[VEE] A Lightweight VMM on Many Core for High Performance Computing

티스토리 뷰

논문 요약

[VEE] A Lightweight VMM on Many Core for High Performance Computing

덕쑤 2013. 3. 28. 15:23

이논문을 읽은 이유는 가상화 기술은 서버에서 더 일찍 활용되어 왔기 때문에 서버에서의 가상화 발전 흐름을 보고 동일하게 임베디드 시스템에서 적용 가능한 아이디어 있을지도 모른다고

VEE 2013

A Lightweight VMM on Many Core for High Performance Computing Xi’an Jiaotong University, China

adstract

전통적인 VMM 디바이스나 instruction을 가상화한다. 이는 게스트 운영체제의 오버해드를 유도한다. 게다가 가상화 VMM은 많은 양의 코드를 야기한다. 이는 VMM의 버그나 취약점을 유발한다. // VMM의 많은양의 코드로 인한문제 발생

다른 한편으로는 클라우드 컴퓨터에서 클라우드 서비스 제공업체는 사전에 고객 지정 요구 사항에 따라 가상머신을 구성합니다. 향후 멀티 코어 서버가 충분히 증가하면 이는 클아우드 컴퓨팅에 대한 편의를 제공하지만 가상화가 필요하지 않습니다.

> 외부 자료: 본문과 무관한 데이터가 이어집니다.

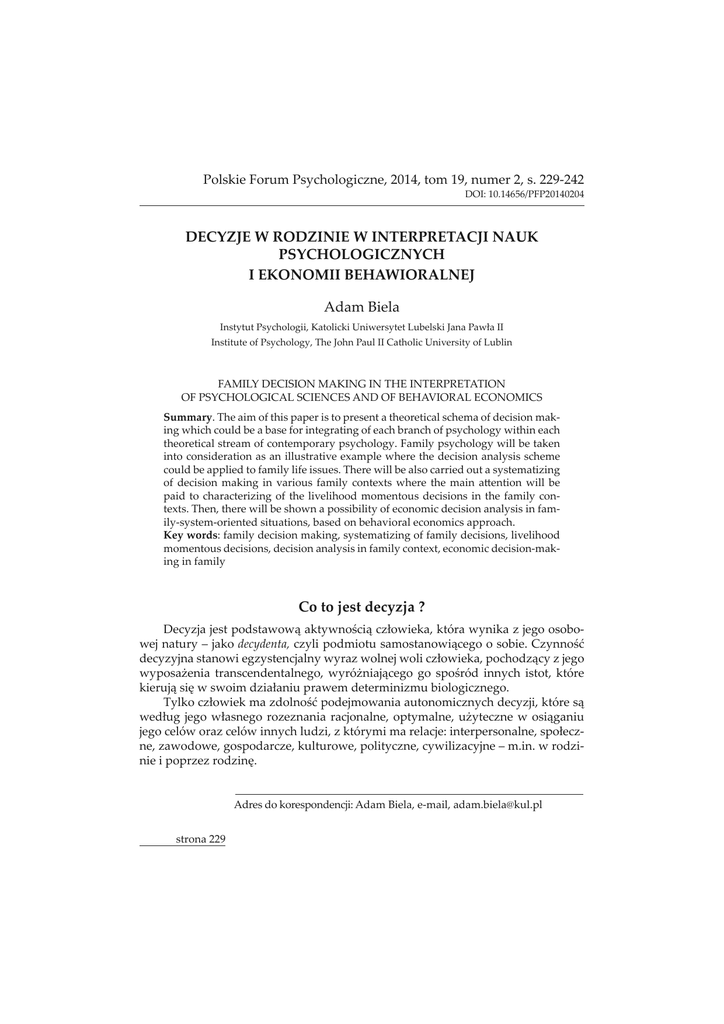 DECYZJE W RODZINIE W INTERPRETACJI NAUK

위의 관찰 에 근거하여 이 논문은 VMM을 구축하기 위한 다른 방법을 제시한다. configuring a booting interface instead of virtualization technology. A lightweight virtual machine monitor - OSV is proposed based on this idea. OSV can host multiple full functional Linux kernels with little performance overhead. There are only 6 hyper-calls in OSV. The Linux running on top of OSV is intercepted only for the inter-processor interrupts. 자원의 격리는 하드웨어 보조 가상화로 구현한다. 자원 공유는 현쟈 운영체제에 포함된 분산 프로토콜에 의해 제어된다.

We implement a prototype of OSV on AMD Opteron processor based 32-core servers with SVM and cache-coherent NUMA architectures. OSV can host up to 8 Linux kernels on the server with less than 10 lines of code modifications to Linux kernel.OSV has about 8000 lines of code which can be easily tuned and debugged. The experiment results show that OSV VMM has 23.7% performance improvement compared with Xen VMM. // 결론은 하드웨어의 가상화 지원을 이용하여 VMM의 크기를 줄여서 성능향상의 효과를 노린다.

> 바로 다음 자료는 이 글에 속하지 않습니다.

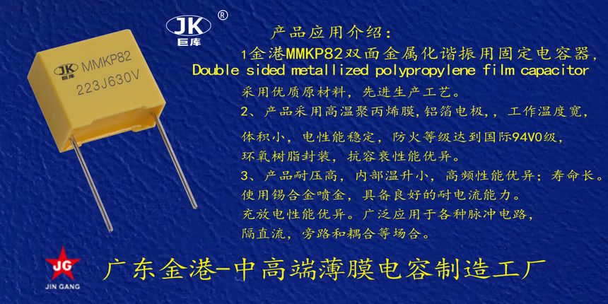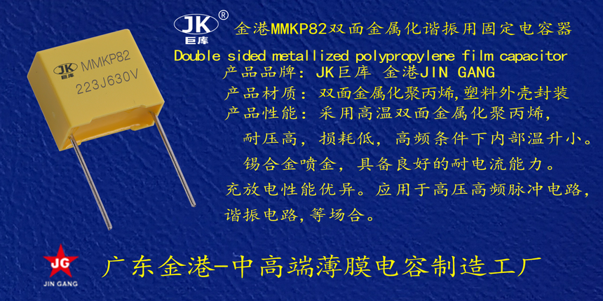 産品品牌 :JK巨庫(ku)金港JINGANG 産品材質: 雙(shuāng)面金屬化聚丙烯(xi),塑料外殼封裝 産(chan)品性能: 采用高溫(wēn)雙面化聚丙烯,耐(nài)壓高, 損耗低,高頻(pín)條件下内部溫升(shēng)小。錫合金噴金, 具(jù)備良好的耐電流(liú)能力。充放電性能(néng)優異。 産品作用: 應(yīng)用于高壓高頻脈(mò)沖電路,諧振電路(lu),等場合。

아 지랄 맞다 1 ~ 3.3 까지 번역한거 날라 갔다 니미럴

3.4 Virtual Network Inter face

가상머신간 서로 의사 소통을 할 수 있게 하기 위하여, VMM은 virtual network interfaces를 제공해야한다. 가상머신들은 서로 표준 분산 프로토콜 를 사용하여 커뮤니케이션을 할수 있다 가상 네트워크 인터페이스 안에서 예를 들어 가상 머신들은 파일을 공유한다 NFS 가상 네트워크 인터페이스를 통하여 기존 분산처리 프롵콜을 사용하는 어플리케이션은 OSV에서 수정없이 사용이 가능하다. This can keep compatible with current computing base.

There is a virtual network interface card(VNIC) for each virtual domain. Each VNIC has a private memory queue for receiving data packets. When the network code of the operating system submits a packet to the VNIC, the packet will be forwarded to the corresponding memory queue of the VNIC whose hardware address matches the packet’s destination. When receiving a packet, the VNIC passes the packet to the network stack code. These memory operations for processing the packet are all done by the operating system without the interception of the VMM which can increase the performance of the network stack. VNIC is provided as a driver module which can be installed in Linux without modifying Linux’s source code.

// VNIC는 모듈러 프로그래밍으로 하여 리눅스 수정이 필요없고 가상 네트워크로 가상머신 끼리 통신 하므로 VMM이 개입할 필요하 없다.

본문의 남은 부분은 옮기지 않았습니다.